Collection entries:
· · · · ·
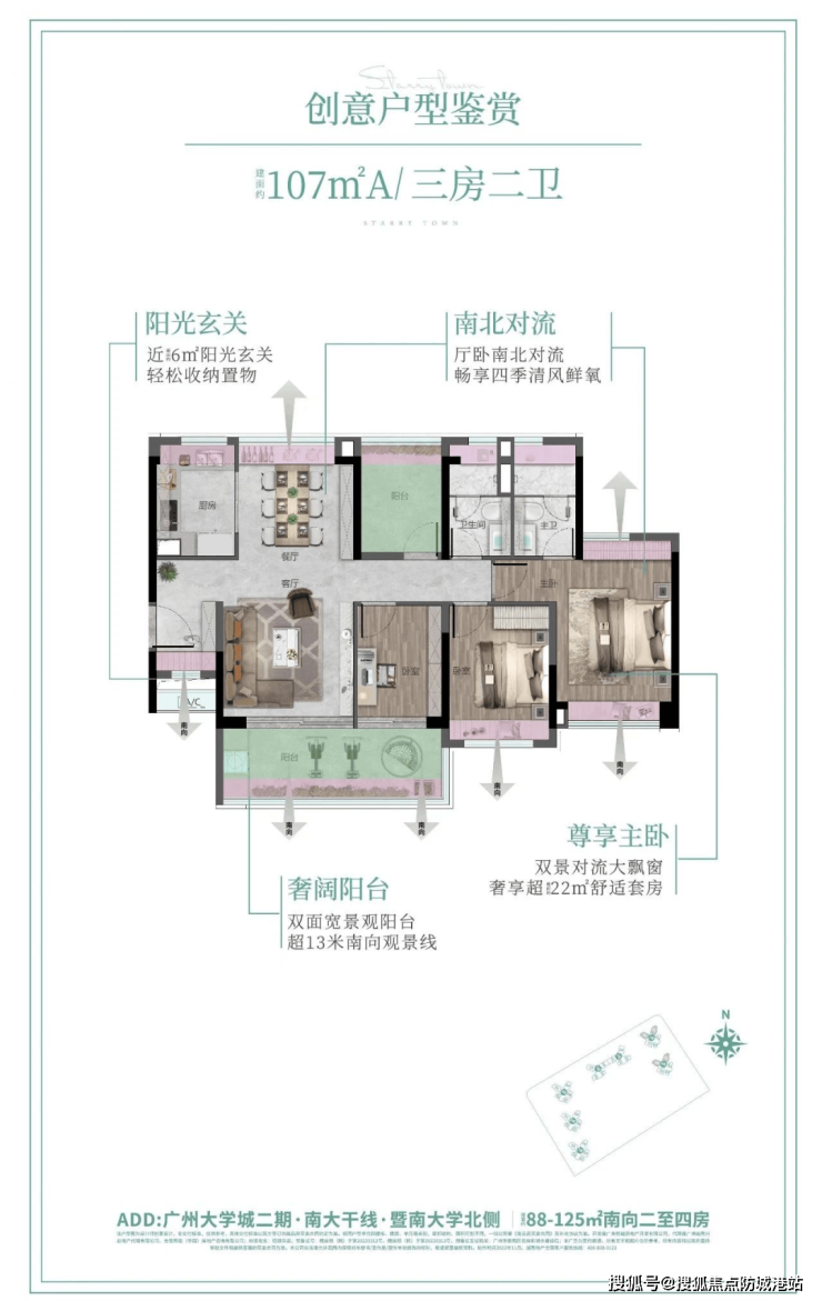 107㎡四房两卫:四开间朝南,6.5米双面宽阳台,主卧独立衣帽间,满足二胎家庭需求,总价约330-360万元;
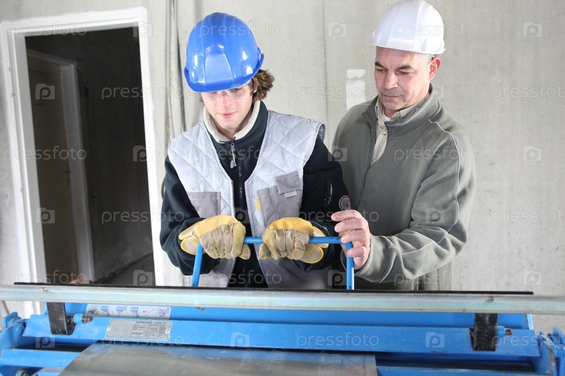 Двое мужчин используют механизм для резки листового металла
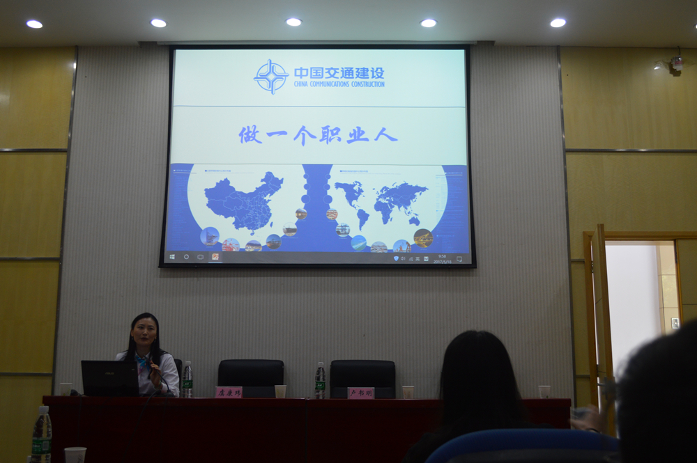 虞康玮经理在中交四航局人力资源部工作多年,拥有招聘和培训公司员工的丰富经验。她以“做一个职业人”为主题,从个人经历和工作体会谈起,从企业的角度,谈个人职业生涯规划和公司发展的联系和区别,希望即将走上工作岗位的毕业生,目光长远,做一个潜心努力、踏实工作的新员工。她强调,要一直保持学习的耐心和热情,这样才能在工作中不断充实自己,提高自己的竞争力。
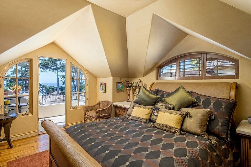 Romantic Carmel By The Sea Get Away. "A Far Cry" from the hustle and bustle of work life. Quality Craftsmanship, prime location 2 blocks from the locals' favorite 13th St beach. A dog lover's off leash paradise, the most beautiful California white sand beaches; brilliant sunsets, occasional dolphins. Radiant Heat, Custom iron railing to a master bedroom w/glorious balcony ocean view to Pebble Beach and a second ocean view sitting balcony. Sleep to the sounds of the pounding surf. Main level deck grants an additional stunning ocean view w/ spiral staircase leading to a hot tub. Living, dining, kitchen areas share views of the Pacific Ocean. Hand-hewn beams w/iron trusses, hickory/pecan floors throughout entire home. Top of the line kitchen appliances, Granite counters, Carmel Stone walkway, patio, front property wall, face of house and indoor fireplace. Grankids? Guests? A downstairs playroom sleeps four. One owner, lightly lived in 2nd residence. Enjoy Carmel's Mission, bistros, shops, Pt. Lobos
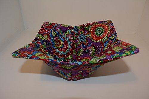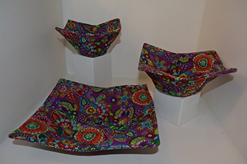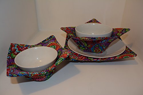 Product Description Microwave cozy set includes 1 small bowl cozy (Approx 6.5" sq), 1 medium bowl cozy (Approx 8" sq), 1 dinner plate cozy (Approx 10" sq.) The dinner plate cozy can also be used for round casserole dishes and the small size is great for coffee mugs! These microwave cozies are the perfect solution to handling super-hot dishes. Cooking and reheating food in a dish cozy makes life so much easier! Place your microwaveable dish inside the bowl cozy and put the whole thing in the microwave to heat. To take the bowl out, you simply grab the corners of the cozy. We found that our kids can now get their dishes out of the microwave safely. Cozies will also protect your fingers from the cold when holding a bowl of ice cream and are great for protecting your table. You can also use a cozy placed on top the dish you are microwaving to help steam food. MATERIALS: * 100% cotton fabric * 2 layers of 100% cotton batting * 100% cotton thread Please be advised: Bowl cozies must only be used in microwaves with a rotating base. To avoid scorching or burning, please make sure cozy freely rotates in your microwave. Never leave microwave unattended. Make sure cozy is clean with no pieces of food attached. Do not microwave cozy for more than three minutes. Cozies can be machine washed on delicate cycle. Reshape and allow to air dry for best results. Please let us know if this is a gift, and we will ship without a packing slip enclosed! 0
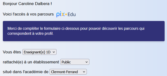 Identifiez-vous avec vos identifiants académiques puis le parcours apparaîtra : vous pourrez alors indiquer que
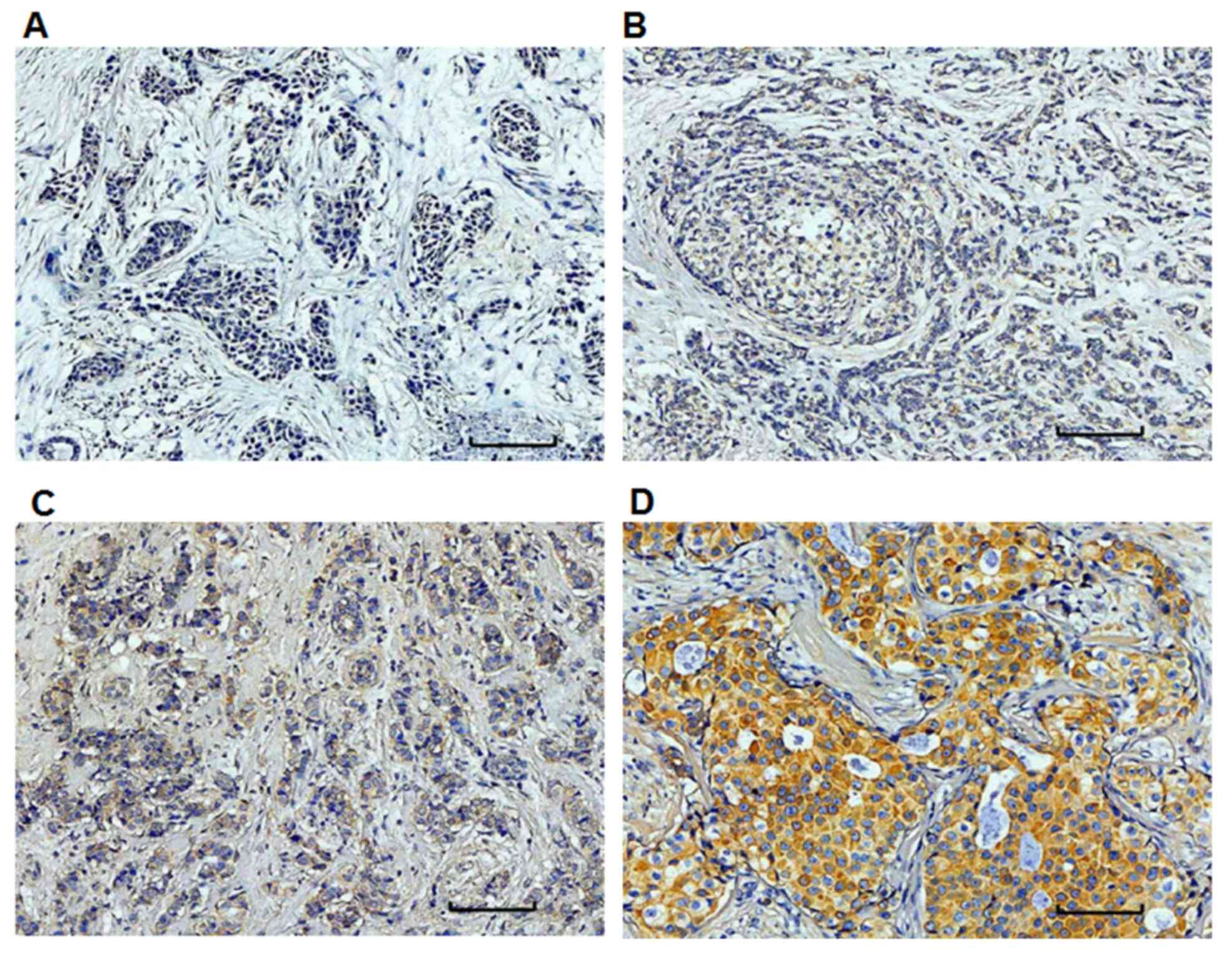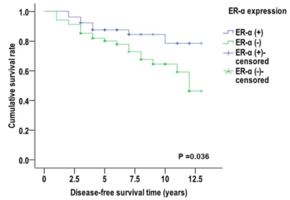 Table I.Relationship between miR-10b expression and ER-α, PR and Her-2 expression in early breast invasive ductal cancer. |
· · · · ·
Directions for this task: From the line containing "Identifiez-vous avec vos" down to the last line of the entries above, copy each line exactly and nothing more. Leave pictures out.

Answer to this exercise:
 Identifiez-vous avec vos identifiants académiques puis le parcours apparaîtra : vous pourrez alors indiquer que
 Table I.Relationship between miR-10b expression and ER-α, PR and Her-2 expression in early breast invasive ductal cancer. |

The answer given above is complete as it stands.